MATERIALS PROVIDED:

*****

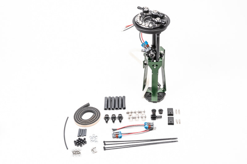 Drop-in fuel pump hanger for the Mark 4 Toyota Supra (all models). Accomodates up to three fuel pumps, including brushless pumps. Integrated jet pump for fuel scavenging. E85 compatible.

*****

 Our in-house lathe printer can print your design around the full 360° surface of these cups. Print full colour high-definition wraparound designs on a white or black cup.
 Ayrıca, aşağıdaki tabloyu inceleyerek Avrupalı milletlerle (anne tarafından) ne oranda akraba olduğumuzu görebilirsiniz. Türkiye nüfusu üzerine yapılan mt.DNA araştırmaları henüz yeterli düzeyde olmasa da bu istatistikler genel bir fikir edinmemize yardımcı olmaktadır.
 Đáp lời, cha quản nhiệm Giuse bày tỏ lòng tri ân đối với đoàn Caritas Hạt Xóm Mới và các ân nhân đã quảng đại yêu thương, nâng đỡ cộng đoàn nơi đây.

*****

WHAT IS REQUIRED: Using the entries above, output exactly the lines between the line holding "Ayrıca, aşağıdaki tabloyu" and the line holding "Đáp lời, cha", end lines included, and nothing more.

TASK RESPONSE:
 Ayrıca, aşağıdaki tabloyu inceleyerek Avrupalı milletlerle (anne tarafından) ne oranda akraba olduğumuzu görebilirsiniz. Türkiye nüfusu üzerine yapılan mt.DNA araştırmaları henüz yeterli düzeyde olmasa da bu istatistikler genel bir fikir edinmemize yardımcı olmaktadır.
 Đáp lời, cha quản nhiệm Giuse bày tỏ lòng tri ân đối với đoàn Caritas Hạt Xóm Mới và các ân nhân đã quảng đại yêu thương, nâng đỡ cộng đoàn nơi đây.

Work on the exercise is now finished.